The 1990s were the era of the staged fight. Heavyweight bouts became scheduled events — opening face-off, a nod, the gloves come off, the crowd comes to its feet. Tie Domi vs. Bob Probert at Madison Square Garden in 1992 is the fight everyone of a certain generation watched on repeat. Rob Ray, Tony Twist, Stu Grimson, Sandy McCarthy — the rotation of legitimate heavyweights was so deep you could have iced a second All-Star team of men who averaged three minutes of ice time a night. It was also the decade the injuries started catching up and the conversations began about what the job was quietly costing.

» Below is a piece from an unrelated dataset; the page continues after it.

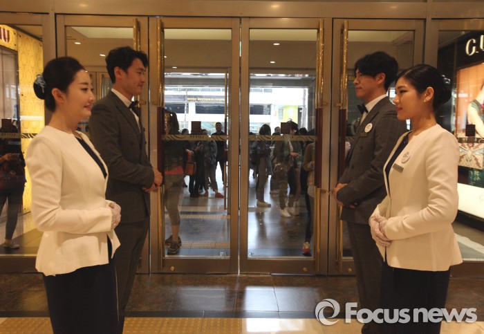 이외에도 총 300만곡의 음악 데이터베이스를 통해 층별, 시간대별, 날씨 등에 따른 다양한 음악을 각 점포별로 선보이고 있다.소공동 롯데백화점 본점 개점에 앞서 직원들이 손님맞이 준비를 하고 있다.<사진제공=롯데백화점>

Todd Ewen passed away in 2015. The post-career conversation around enforcers of his generation has been unforgiving — substance abuse, chronic pain, concussion sequelae, and the quiet retirements of men who were never meant to play 15 seasons at that tempo. Todd Ewen's name is now part of the public record on CTE in hockey — the evidence that the toll of the job was real, biological, and measurable, not just the folklore around grizzled retirements. His legacy is both the highlight reel and the cautionary tale, and Slapshot Diaries exists in part to make sure both halves are remembered accurately.